RAID performance

Adam Goryachev <mailinglists@xxxxxxxxxxxxxxxxxxxxxx> · Thu, 07 Feb 2013 17:48:35 +1100

Hi all,

I'm trying to resolve a significant performance issue (not arbitrary dd
tests, etc but real users complaining, real workload performance).

I'm currently using 5 x 480GB SSD's in a RAID5 as follows:
md1 : active raid5 sdf1[0] sdc1[4] sdb1[5] sdd1[3] sde1[1]
      1863535104 blocks super 1.2 level 5, 64k chunk, algorithm 2 [5/5]
[UUUUU]
      bitmap: 4/4 pages [16KB], 65536KB chunk

Each drive only has a single partition, and is partitioned a little
smaller than the drive (supposedly this should improve performance).
Each drive is set to the deadline scheduler.

Drives are:
Intel 520s MLC 480G SATA3
Supposedly Read 550M/Write 520M

I think the workload being generated is simply too much for the
underlying drives. I've been collecting the information from
/sys/block/<drive>/stat every 10 seconds for each drive. What makes me
think the drives are overworked is that the backlog value gets very high
at the same time the users complain about performance.

The load is a bunch of windows VM's, which were working fine until
recently when I migrated the main fileserver/domain controller on
(previously it was a single SCSI Ultra320 disk on a standalone machine).
Hence, this also seems to indicate a lack of performance.

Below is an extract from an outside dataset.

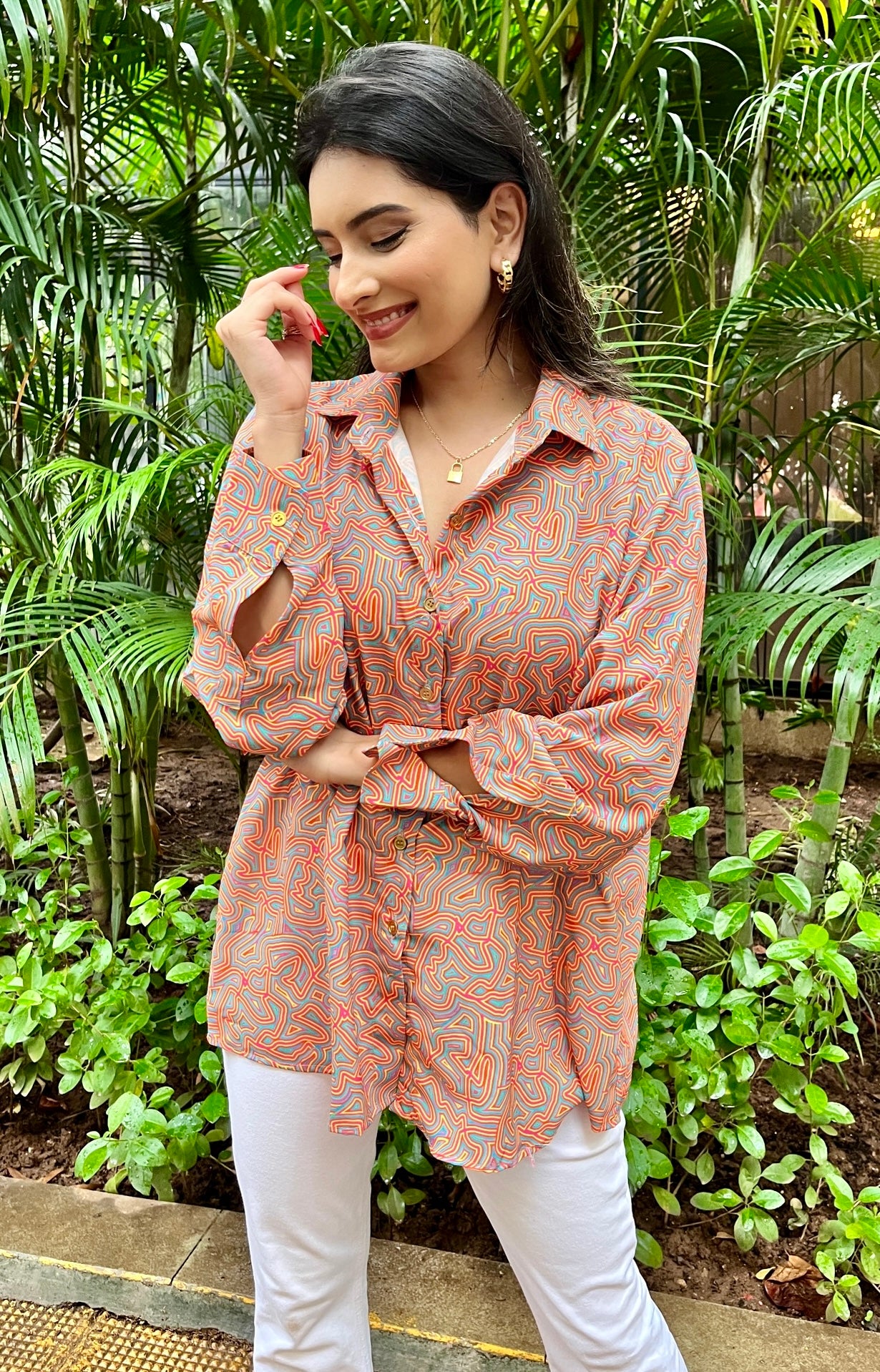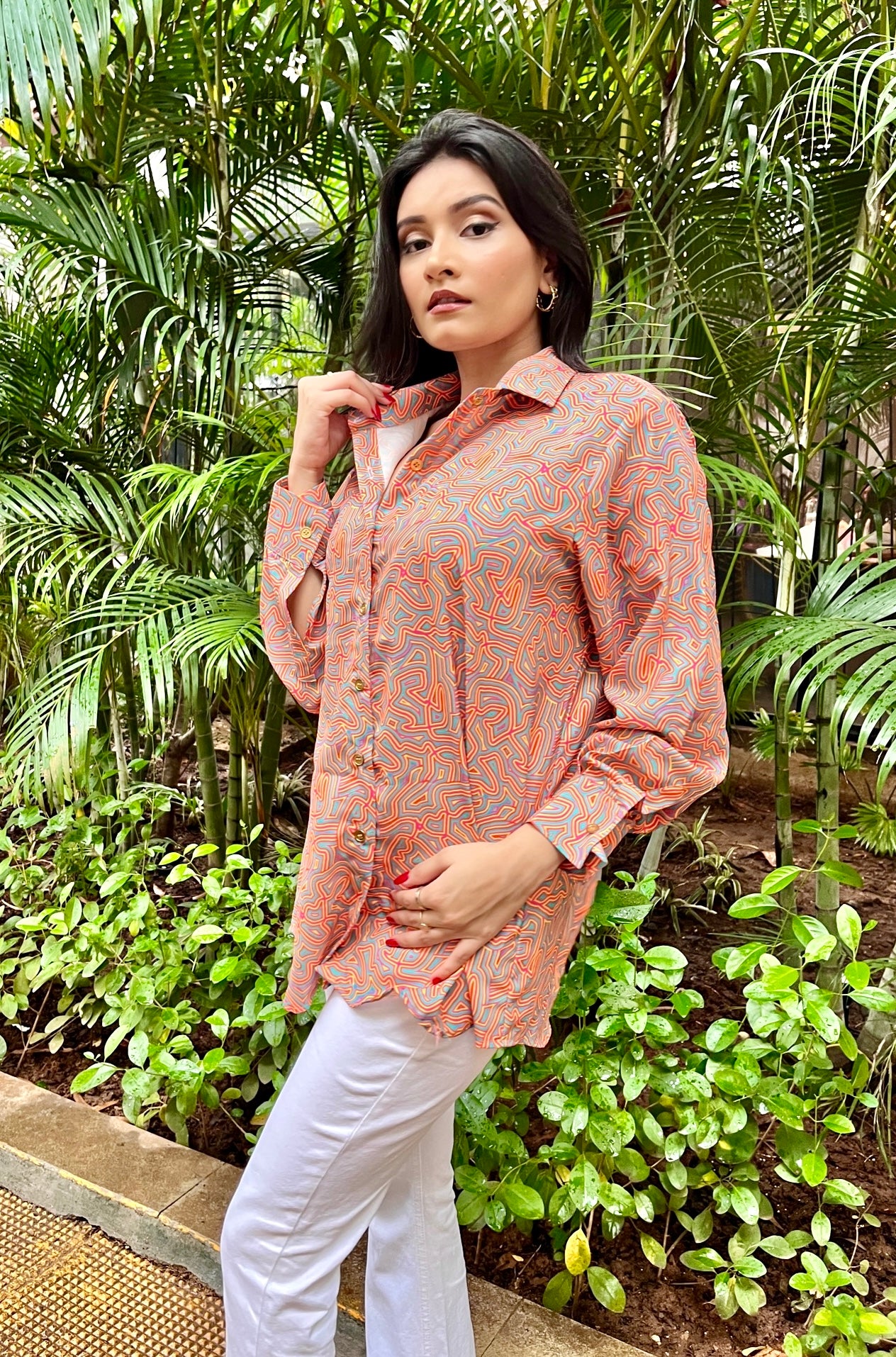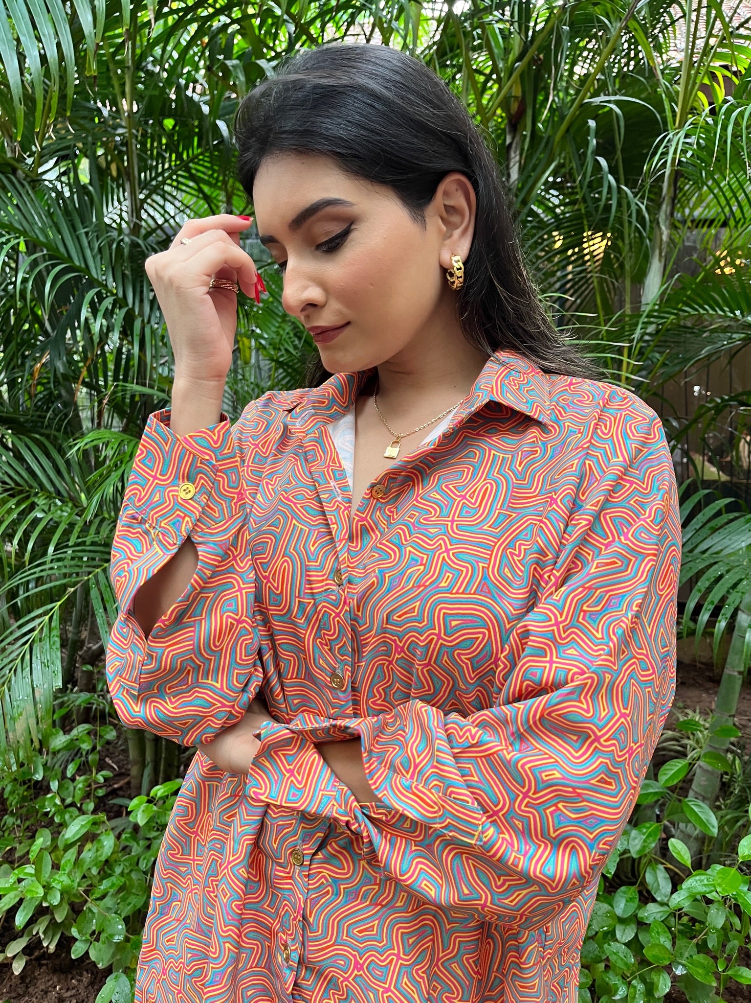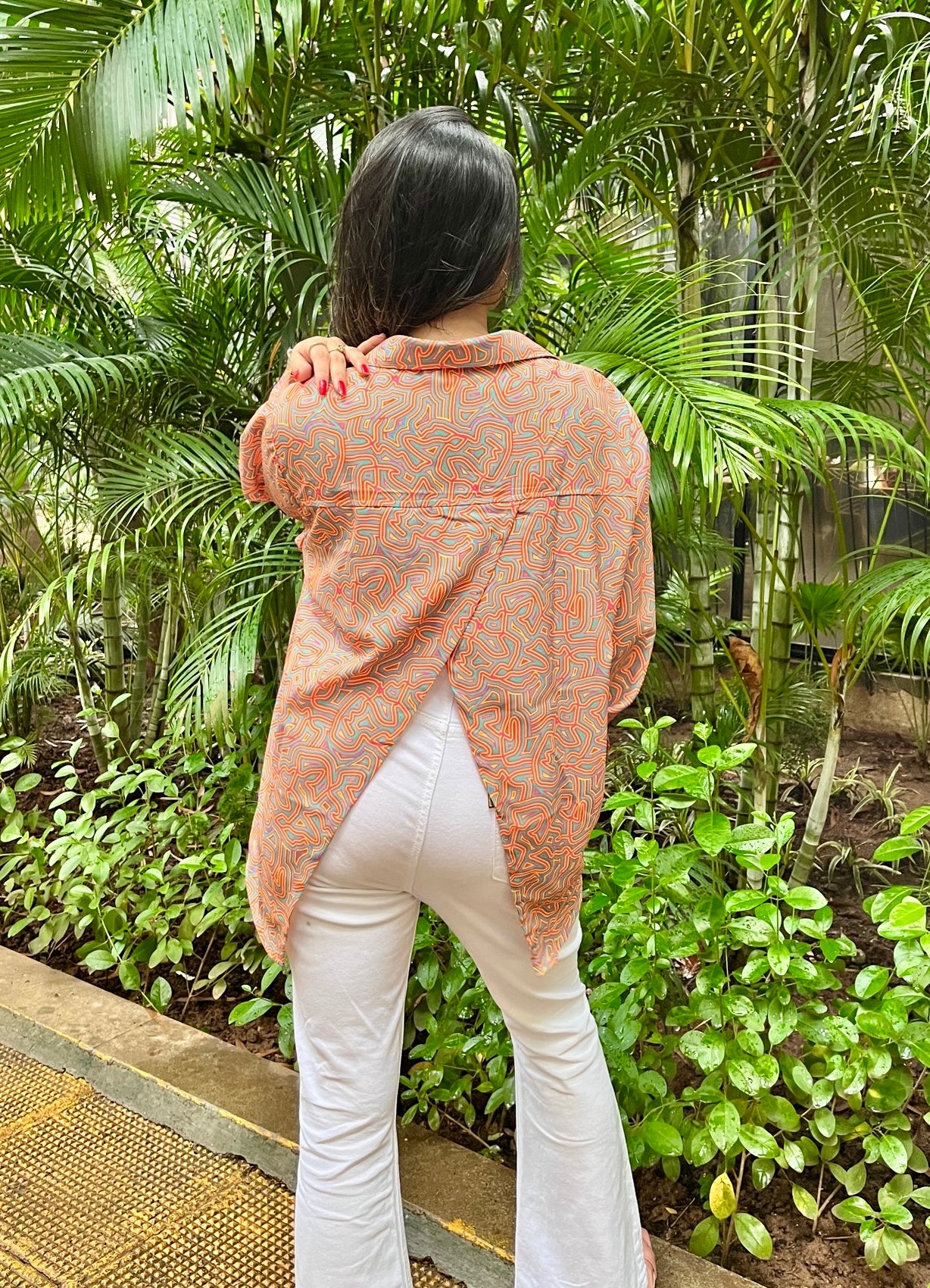 Abstract prints are always new and fun to watch. Introducing our psychedelic print with interesting line work. This shirt features oversized look with golden metallic buttons. The main highlight of this piece is at the back, have a look!

Currently the SSD's are connected to the onboard SATA ports (only SATA II):
00:1f.2 SATA controller: Intel Corporation Cougar Point 6 port SATA AHCI
Controller (rev 05)

There is one additional SSD which is just the OS drive also connected,
but it is mostly idle (all it does is log the stats/etc).

Assuming the issue is underlying hardware, then I'm thinking to do the
following:
1) Get a battery backed RAID controller card (which should improve
latency because the OS can pretend it is written while the card deals
with writing it to disk).
2) Move from a 5 disk RAID5 to a 8 disk RAID10, giving better data
protection (can lose up to four drives) and hopefully better performance
(main concern right now), and same capacity as current.

The real questions are:
1) Is this data enough to say that the performance issue is due to
underlying hardware as opposed to a mis-configuration?
2) If so, any suggestions on specific hardware which would help?
3) Would removing the bitmap make an improvement to the performance?

Motherboard is Intel S1200BTLR Serverboard - 6xSATAII / Raid 0,1,10,5

It is possibly to wipe the array and re-create that would help.......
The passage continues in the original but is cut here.